SOURCE DATA:
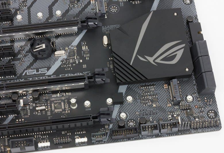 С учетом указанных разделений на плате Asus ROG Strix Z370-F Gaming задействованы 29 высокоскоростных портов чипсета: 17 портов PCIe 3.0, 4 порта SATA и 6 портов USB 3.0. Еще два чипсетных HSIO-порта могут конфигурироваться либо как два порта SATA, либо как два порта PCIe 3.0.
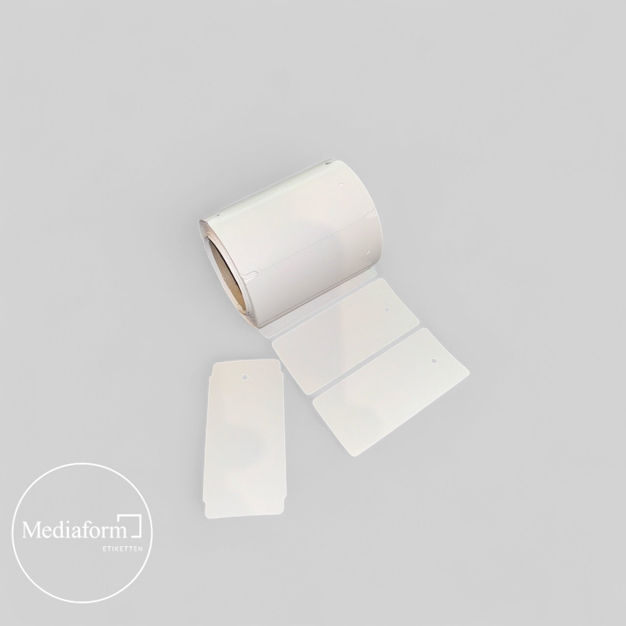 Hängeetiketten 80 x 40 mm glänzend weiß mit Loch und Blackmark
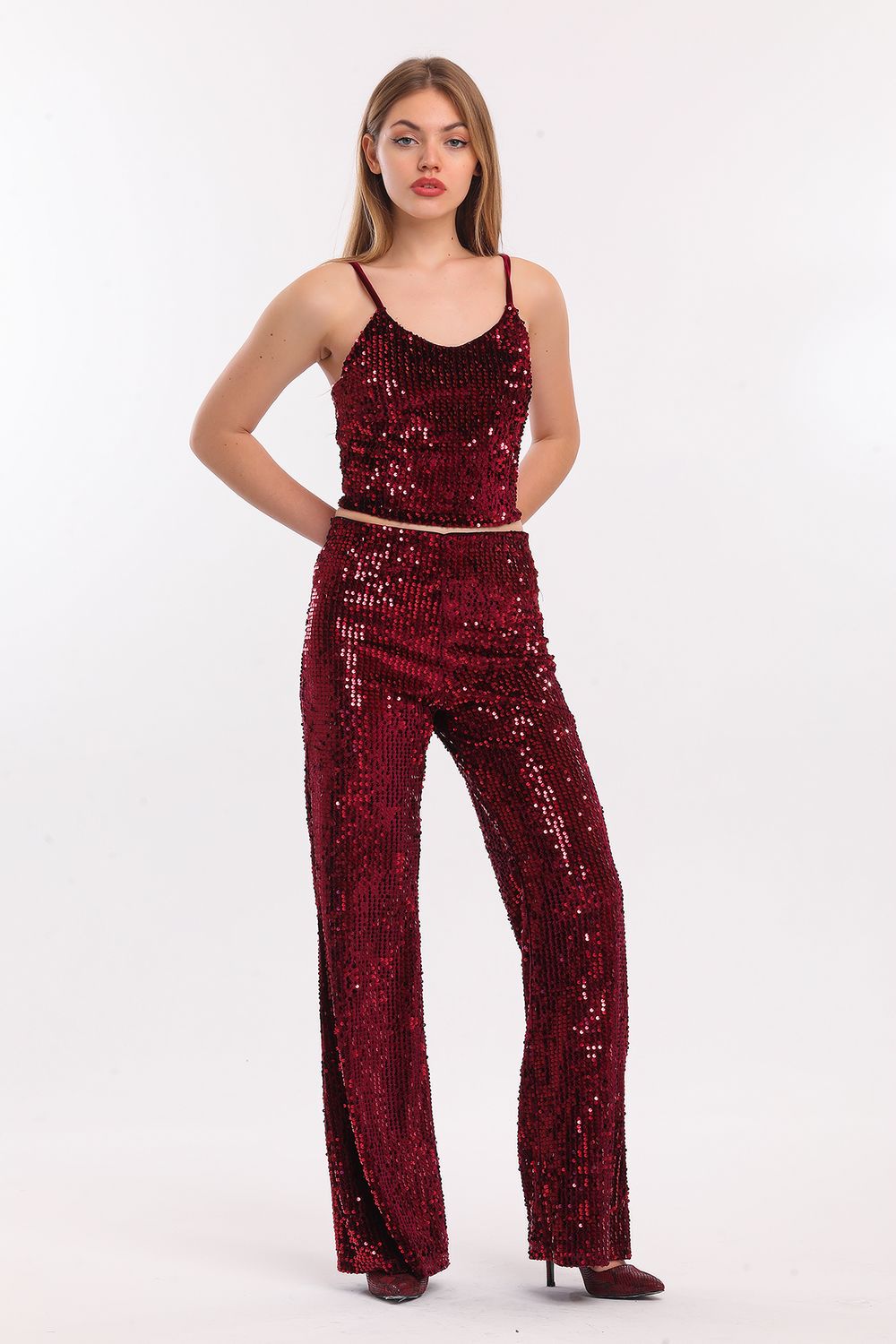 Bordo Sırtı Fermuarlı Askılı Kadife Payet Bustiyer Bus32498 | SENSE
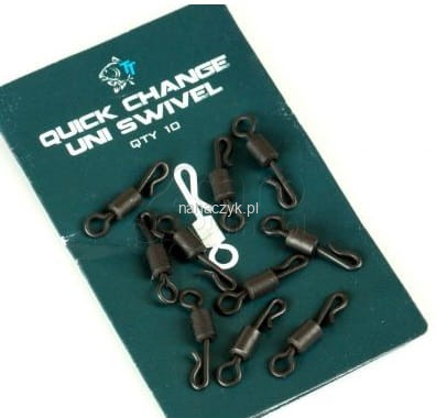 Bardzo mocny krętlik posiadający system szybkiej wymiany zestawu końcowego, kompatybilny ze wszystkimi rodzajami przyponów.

ASSIGNED TASK:
Give again, exactly, each line from the one that contains "Bordo Sırtı Fermuarlı" through the last line of the material above. Pictures do not belong in the copy.

TASK RESPONSE:
 Bordo Sırtı Fermuarlı Askılı Kadife Payet Bustiyer Bus32498 | SENSE
 Bardzo mocny krętlik posiadający system szybkiej wymiany zestawu końcowego, kompatybilny ze wszystkimi rodzajami przyponów.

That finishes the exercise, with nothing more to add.